From the continious rolling terrain along the crest, the mountains in this part of the Sierra seem very benign. The trail follows a rolling, gentle crestline. The occasional views look off at more waves of green hills with only an occasional peak rising above the general plane. The scene is tranquil and lulls us into a sense that hiking in this area is a gentle experience. It LOOKS like a place where one dad might bring his daughter and 19 of her friends for a morning stroll. But this is only one face of the forest.
Just as yesterday’s descent into the south fork of the Feather River revealed a rugged canyon, so too did today’s descent into Beldon. And these ridges surely must hide more such rugged canyons. These are harsh hillsides. A cross-country ramble could quickly turn into a a walk with grim consequences. Steep and rocky, overgrown with brush and with hidden gullies so numerous all come together to create a navigational nightmare. From the canyon bottoms the surrounding hillsides seem impossibly rugged, barriers to overland travel.
Occasional views north mark our progress as Mt Lassen, still distant, is now more distinct and seems to be getting closer.

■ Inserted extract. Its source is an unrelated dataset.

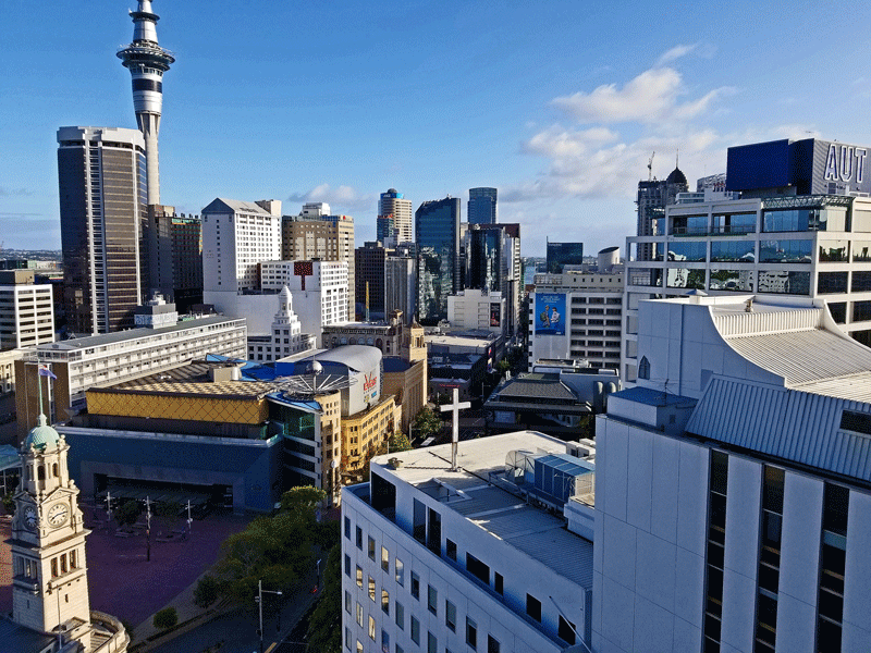 Our compact (a/k/a tiny) rental unit was conveniently located about one kilometer from the waterfront in the heart of the downtown Auckland business district, across the street from Aotea Center (performing arts and events center) and Aotea Square (open-air concerts, markets, political rallies, and other gatherings). The view from our balcony on the 18th floor:

We push the final descent in order to finish 23 miles by 5pm and get in at a reasonable hour, in time to find “Little Haven”, a hostel offered complimentary to hikers by Laurie and Brenda Braatten. And in time for dinner before the nearby Caribou Crossing cafe/store closes at 7pm. The food at the cafe is good, but the store is very limited. However we manage to find enough items to be able to get us through the 2 days it will take to get the 46 miles to the next town, Chester.
Back at the hostel there are seven other hikers. We walked the whole day without seeing any of them, being either a couple hours ahead or a couple hours behind, in our own little bubble. Town stops are always where we see the most thru hikers and have a chance to get caught up on “who is where” as well as other trail gossip.